Figure 4: View historical S&P 500 index rebalancing, comparing the performance of additions and deletions before and after the event.
Replenish: Specifically, stocks poised for inclusion in the S&P 500 tend to outperform the broader index by about 2.6% in the two weeks following their inclusion. However, once officially included, these stocks tend to underperform the index, underperforming the index by an average of 4.7% over the following 12 months.
Drops: Instead, companies on the verge of extinction experience an initial downturn and are sold off before they are actually eliminated.
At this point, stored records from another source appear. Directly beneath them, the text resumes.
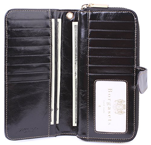 -. Feature : Made of high quality cowhide leather, the oil wax leather makes the purse more luxury. Come with light gold hardware and durable polyester lining. / Great size and good amount of compartments.14 credit card slots and 1 photo window, 2 full length pockets, 2 zipper coin change pouch can also put bills in it. Easily hold your Samsung Galaxy Note, Iphone6s, Iphone6 Plus. Zipper designed for the safety of your properties / Size info: (L)7.5" x (H)3.6"x (W)1.2" inch / Attention:Borgasets is an US registered trademark,unauthorized sale without permission,we will investigated for legal responsibility. / Equipped with Borgasets exquisite gift boxes, is the best choice for personal use and gifts
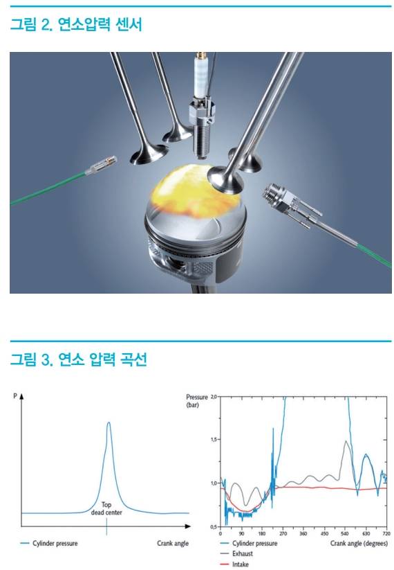최근에는 실제 주행 조건에서의 연소압력 평가의 필요성이 증가하고 있으며, INCA, 연소해석기 및 연소 압력센서를 이용하여, 매핑 및 압력 측정이 실시간으로 측정되어 ECU에 반영이 되고 있다. 따라서 크랭크 각도에 따른 실린더 압력은 정확하고 응답성이 좋은 센서가 요구 되고 있어 압전 효과를 이용한 연소 압력 센서가 전세계적으로 널리 사용되고 있다.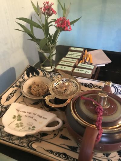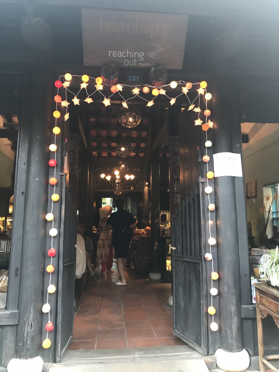 お昼過ぎのおやつタイムに訪問。小上がりになってる個室に通されました。子連れにはなんと嬉しいことでしょう!!積み木やぬいぐるみも置いてありました。注文は記入して渡し、あとはジェスチャーとあらかじめ置いてある定型文の積み木を見せるだけで通じます。ベトナムコーヒー、ジャスミン茶、オレンジジュースを注文。それぞれお菓子がついており、それもまた嬉しい。お茶は香り高く美味しかったですがのんびりしすぎて最後の方は少し苦味がありました。お喋りしてる人がほとんどおらずお店の外の喧騒が時々聞こえてくる程度。値段は全部で20万ドン弱でお値段以上、とっても贅沢な時間を過ごせました。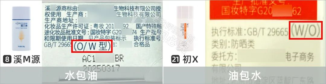 这里还有个小知识点:国产品牌防晒霜包装上可以找到执行标准:GB/T 29665,注意看后面括号里的字母。如果是(O/W)则为水包油型,反之,(W/O)则为油包水型。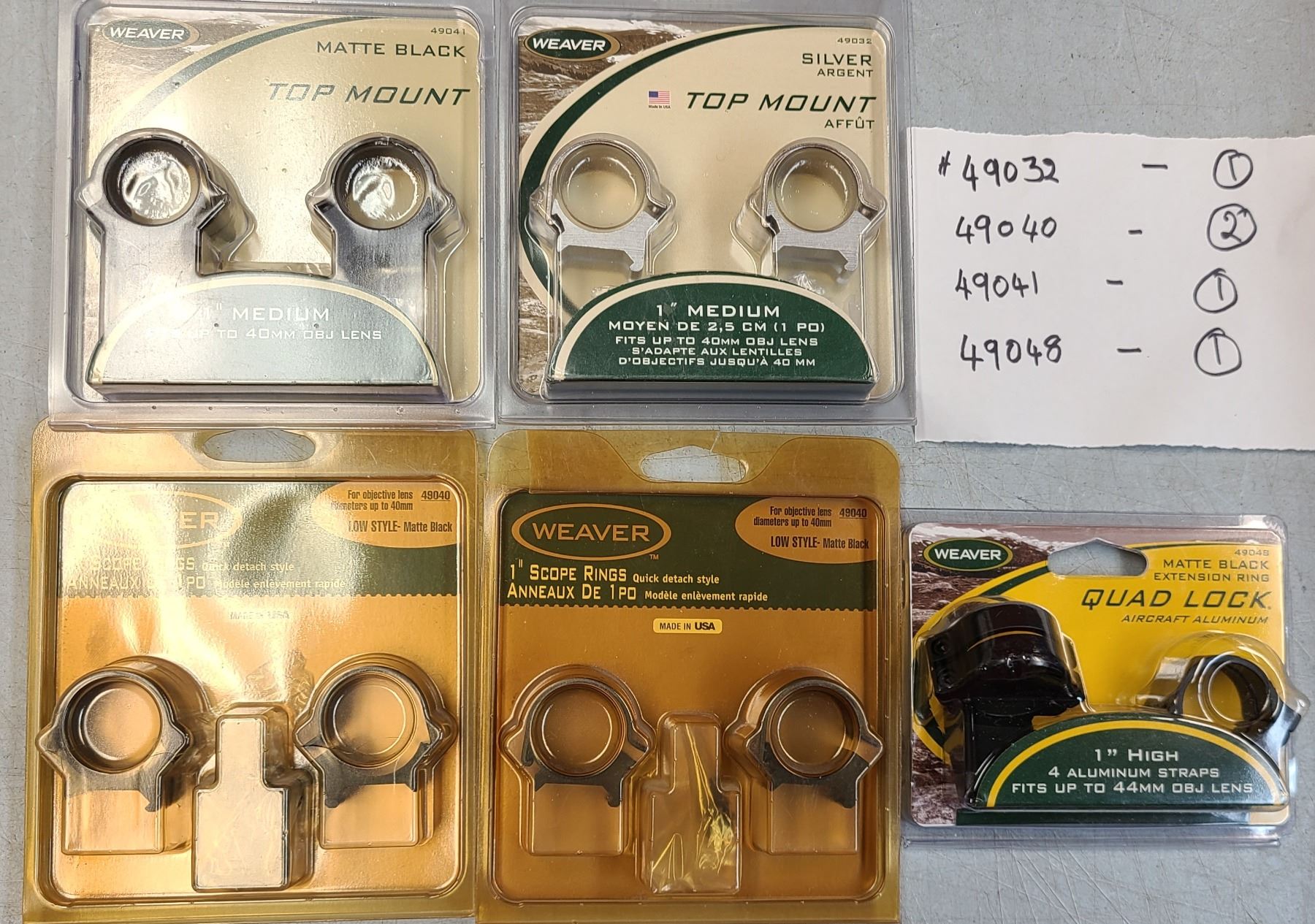 Lot 345 Weaver Scope Rings 1 inch - 5 pc Lot - NEW
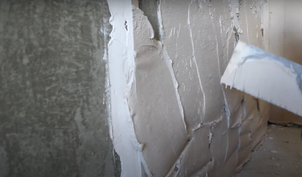 Шпатлёвка, в отличие от штукатурки, имеет более мелкую структуру и легко поддаётся шлифовке, поэтому чаще используется для финишного выравнивания. Перед нанесением шпатлёвки поверхность грунтуют. Шпатлёвку следует наносить после полного высыхания грунтовки.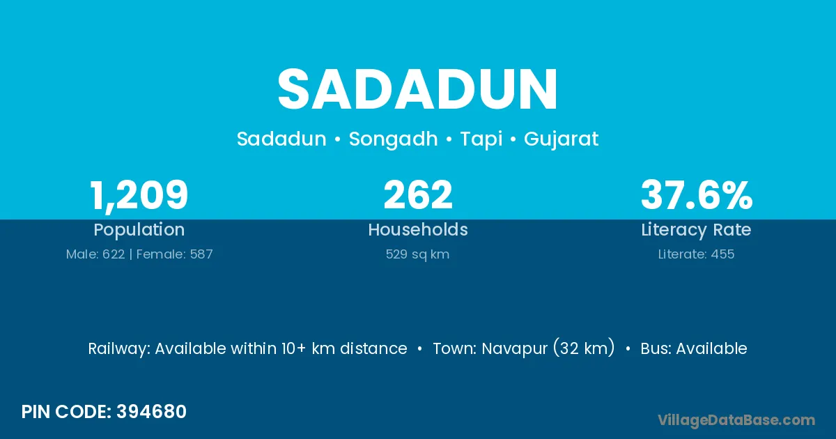 Navapur (32 km) is the nearest town to Sadadun village for major economic activities and is located approximately 32 km away.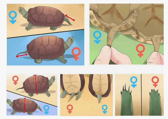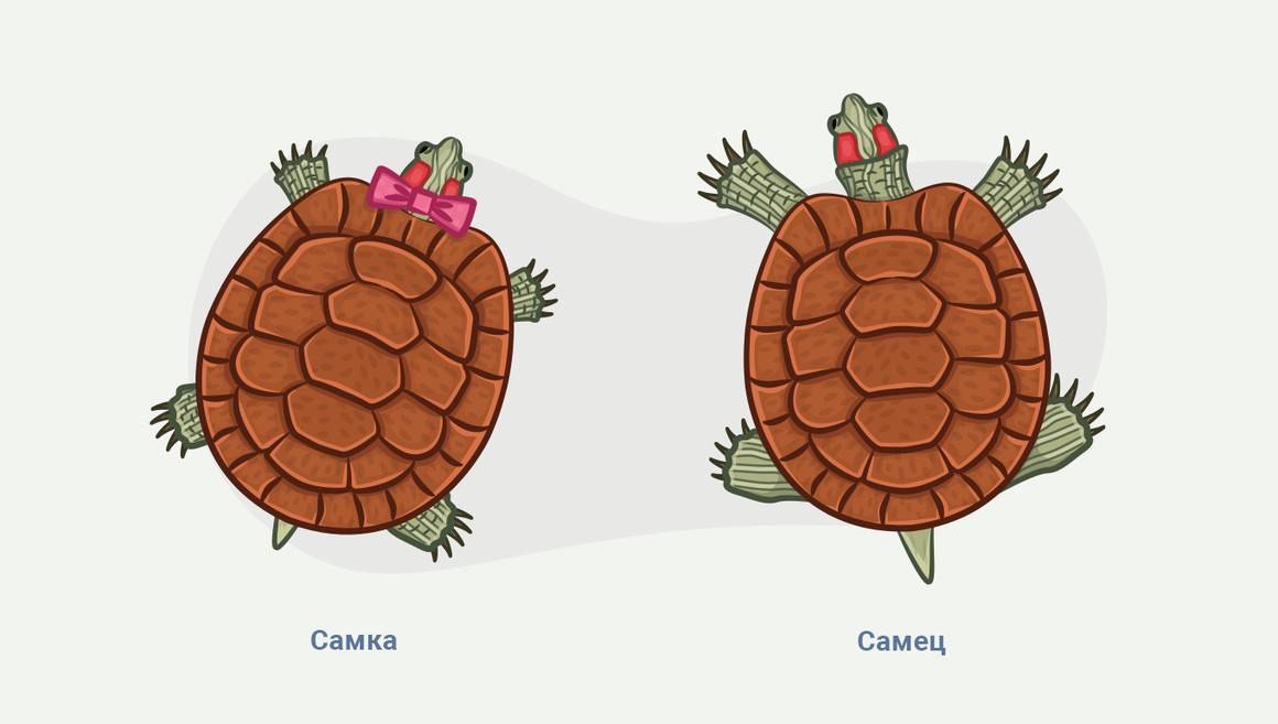 У большинства видов черепашек мальчики крупнее девочек, так как самкам нужно вынашивать яйца. Исключение составляют галапагосские (Geochelone nigra), южноафриканские клювогрудые (Chersina angulata), пустынные, коробчатые (Terrapene carolina) черепахи, болотные черепахи Мюлленберга (Clemmys muhlenbergii), американская болотная (Emydoidea blandingii), каймановая и желтая иловая (Kinosternon flavescens) черепахи.

However, once removed, these stocks often begin to recover, outperforming the index by an average of nearly 5% over the next 6 months and nearly 16% over the following 12 months.
This pattern we see in index rebalancing highlights how passive investing and the explosion of index changes can have a long-term impact on the rise/fall of an index.
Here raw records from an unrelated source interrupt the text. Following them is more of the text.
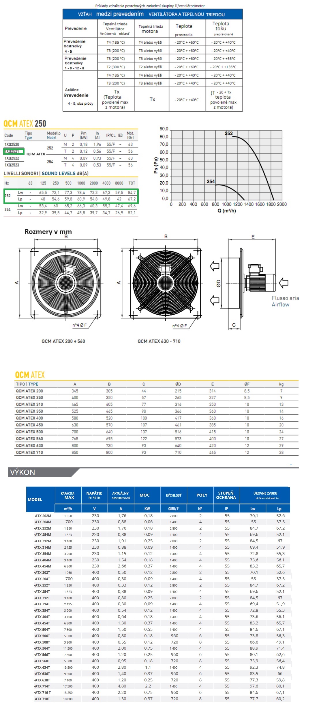 Protivýbušný axilálny ventilátor Dynair QCM-ATX 252T-400V II2G IIB T4 /ochrana motora Ex Db/ výkon 1850m3/h Protivýbušný axilálny ventilátor radu QCM ATEX sú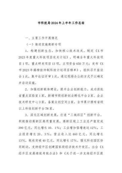 / 【七哥公文】2024年:市科技局2024年上半年工作总结+更多免费公文+VX:QiGeGongWen2024
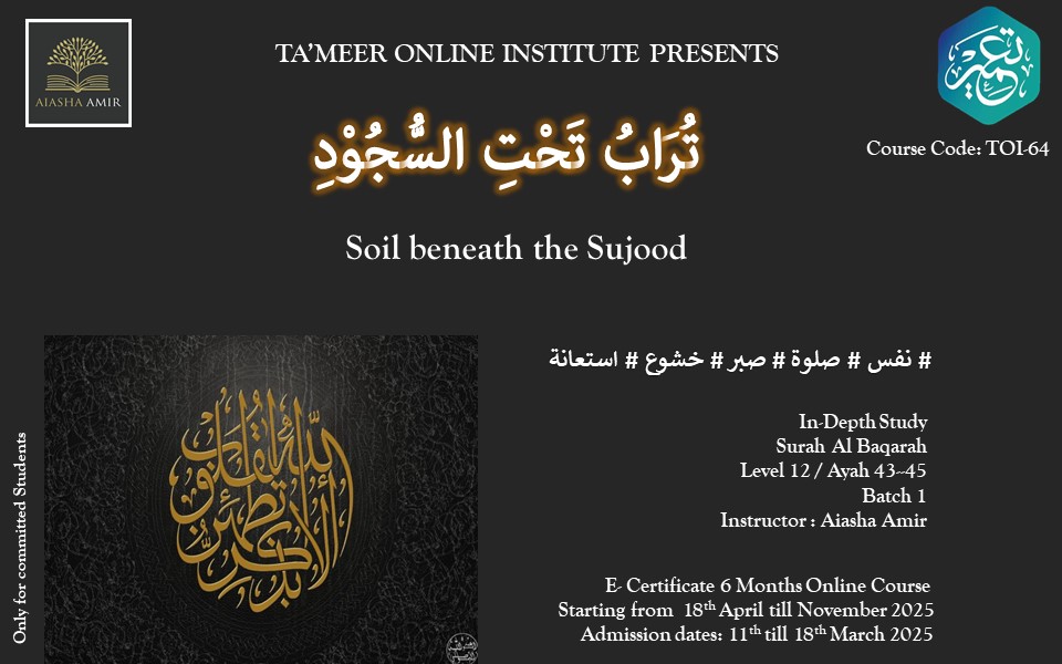 Welcome to the In-Depth Study of Surah Al-Baqarah course at Ta’meer Online Institute. To ensure a productive and meaningful learning experience, please carefully review these policies and requirements before enrolling.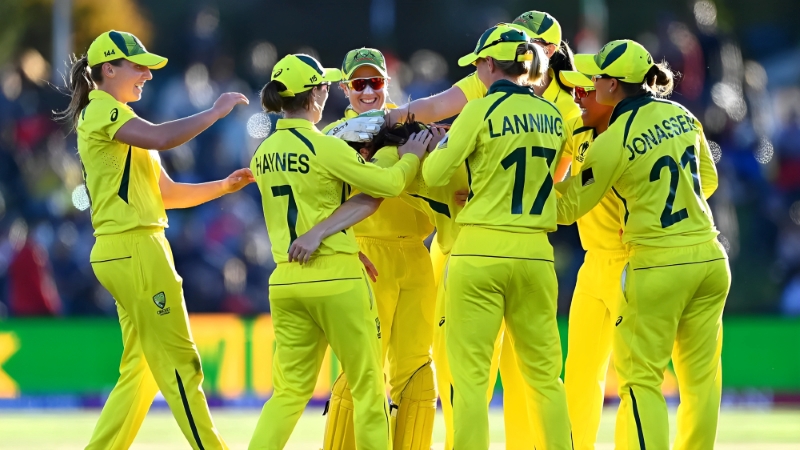 Ashleigh Gardner, Annabel Sutherland, Jess Jonassen, Georgia Wareham, Megan Schutt, Darcie Brown, Alyssa Healy (c & wk), Phoebe Litchfield, Ellyse Perry, Beth Mooney, Tahlia McGrath,

We believe investors and market strategists should consider these trends when responding to index rebalancing events, as they can have significant implications for investment strategies.
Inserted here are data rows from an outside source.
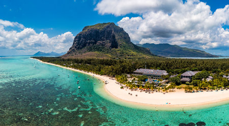 Aerial view of Le morne Brabant in Mauriutius. Tropical crystal ocean with Le Morne mountain and luxury beach in Mauritius. Le Morne beach with palm trees, white sand and luxury resorts, Mauritius.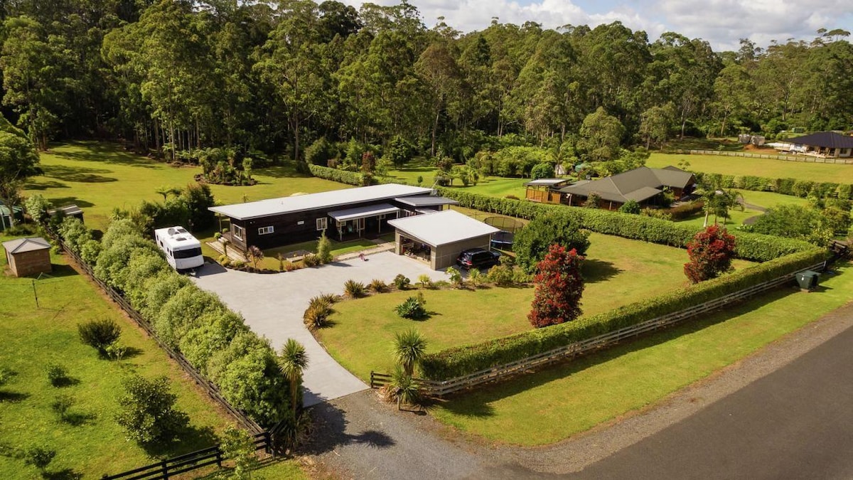 Luxurious Eco House in Rural Paradise Experience modern eco-living with a rustic touch in our off-grid, private retreat. Newly built and self-contained, this haven offers stunning valley and ocean views, making it perfect for relaxation and unwinding. Enjoy the tranquility and beauty of nature in this unique and comfortable getaway.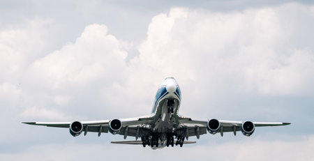 July 13, 2019 Moscow, Russia. An AirBridgeCargo Boeing 747 cargo plane comes in for landing at Sheremetyevo International Airport on a cloudy day.

Stay tuned for an upcoming in-depth research article that will explore these index changes in more detail, provide a more complete understanding of their impact on the market, and gain a deeper understanding of how this impact intersects with the prevailing value and low volatility narrative together.
- Source: “S&P Dow Jones Indices Annual Asset Survey” S&P Global
- Source: “SPIVA® U.S. Scorecard” S&P Global
- Source: “S&P U.S. Index Methodology” S&P Global
- Source: “Tesla to join S&P 500” S&P Global
- Source: Brian Scheid, “Apartment Investment & Management Drop from S&P 500 to Make Way for Tesla” S&P Global
- Source: “Uber Technologies, Jabil and Builders FirstSource to join S&P 500; others to join S&P MidCap 400 and S&P SmallCap 600,” S&P Global
- Source: Jeremy Siegel and Jeremy Schwartz, Long-Term Equity Research, 6th Edition, 2022. Past performance is not indicative of future results. The calculation period is from 12/1/23 to 12/15/23.
Joseph Attia, Intern, Research
Jeremy Schwartz, CFA, Global Chief Investment Officer
Jeremy Schwartz has served as our Global Chief Investment Officer since November 2021, leading WisdomTree’s investment strategy team in building WisdomTree’s equity index, quantitative active strategies and multi-asset model portfolios. Jeremy joined WisdomTree in May 2005 as a senior analyst and was added as associate director of research in February 2007. He served as Director of Research from October 2008 to October 2018 and as Global Head of Research from November 2018 to November 2021. WisdomTree, who is a principal research assistant to Professor Jeremy Siegel and co-author of the sixth edition of the book in 2022 long term stocks.Jeremy is also the co-author of the book financial analysts magazine The paper “What happened to the original stocks in the S&P 500?” 》 He received a bachelor’s degree in economics from the Wharton School of the University of Pennsylvania and hosted the Wharton Business Radio Show Behind the market SiriusXM 132. Jeremy is a member of the CFA Society of Philadelphia.
Editor’s note: Summary highlights for this article were selected by Seeking Alpha editors.